Quando os dias começam a ficar mais escuros e a chuva cai com mais frequência é sinal de que os grandes concertos estão de regresso à Galeria Zé dos Bois, em Lisboa. No último dia 28 de Outubro, essa profecia voltou a ser cumprida mal Jessica e Cyrus pisaram o palco desta bonita casa. Escondida atrás de um cabelo amarelo-quase-branco, Jessica cumprimentou o público – Cyrus quase nem olhou para ele – e, antes de pegar na guitarra, brincou com a famosa montra da ZDB “É estranho ser o alvo de window shopping”. As pessoas que enchiam a sala sorriram e esperaram pelos primeiros acordes.

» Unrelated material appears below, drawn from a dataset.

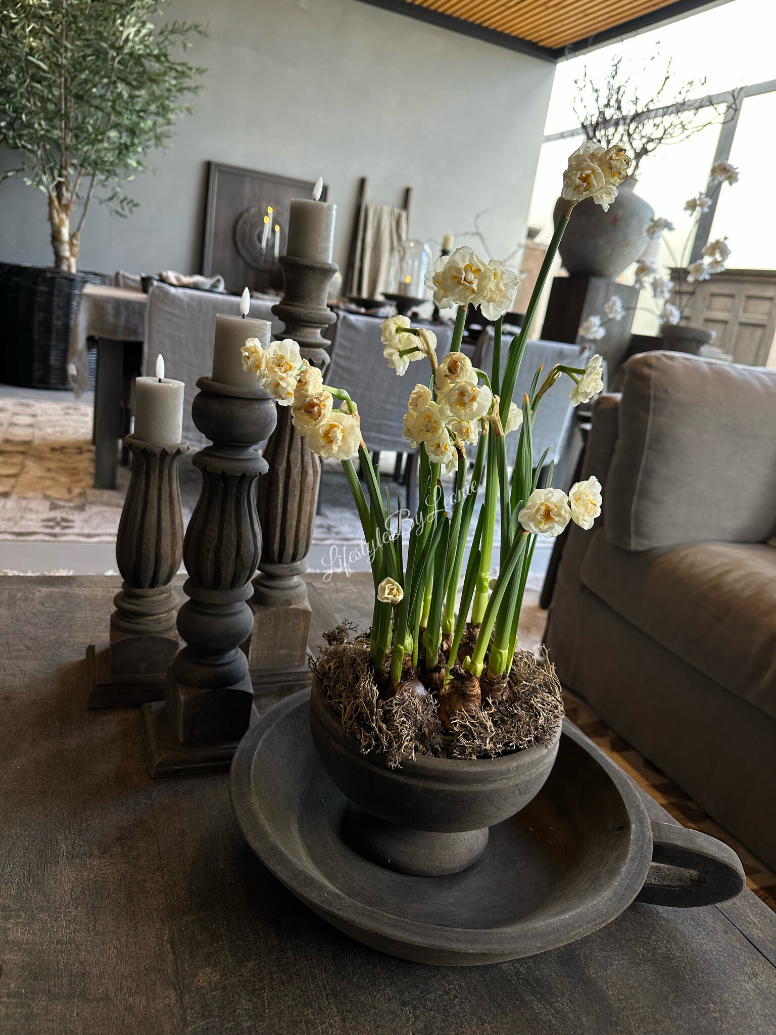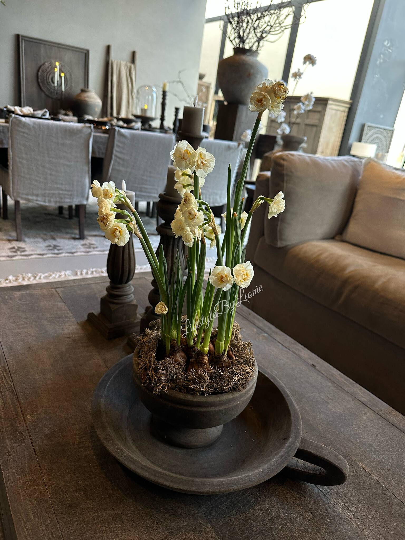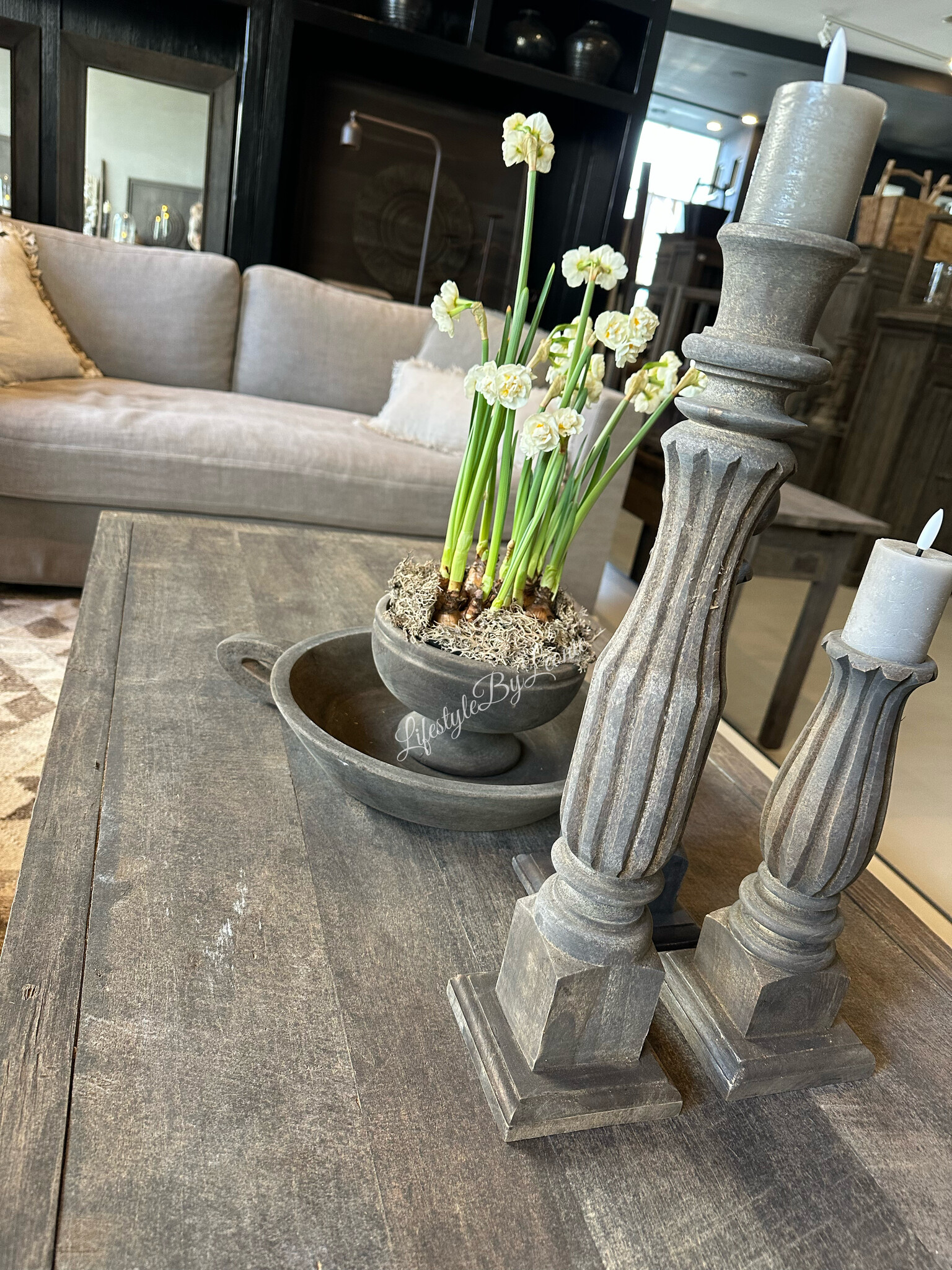 Mooie zware houten bak met handvat in Antique Grey/black washing

Com uma tranquilidade feliz, as primeiras músicas foram-se soltando dos dedilhares suaves de Jessica e os mais metálicos de Cyrus, também ele semioculto atrás do cabelo que lhe dava pelos ombros. Sem pressas, todos fomos levados por um embalo muito doce, uma luz muito calma, que nascia das trocas de dedos simples dos dois artistas que têm percorrido a Europa em tourneé. O calor que normalmente se associa à casa onde uns dias depois a Space Lady iria actuar sentia-se, mas não asfixiava, como às vezes acontece. Com algum espanto, dissipava-se na música de manta e chuva que se ia ouvindo – “Night Faces”, “Wrong Hand” ou “On Your Own Love Again”, por exemplo. Sempre introspectiva e de voz nasalada, Jessica cantou durante uma hora e pouco. Quando o concerto acabou, depois de dois encores (um deles a solo) que pareciam sempre que se iam multiplicar em mais dois e, depois desses, mais outros dois, via-se na cara de quem lá tinha estado que um bom concerto tinha chegado ao fim.
“Nunca me senti tão calmo na vida” disse um rapaz barbudo no átrio da galeria, enquanto esperava que a Jessica lhe assinasse o bilhete. A declaração, salvo algum do exagero característico de quem atingiu a maioridade há pouco tempo, tinha muito de verdade. O caminho a pé de regresso a casa foi mais leve, as subidas foram menos inclinadas, o vento foi menos castigador e o sono muito mais descansado.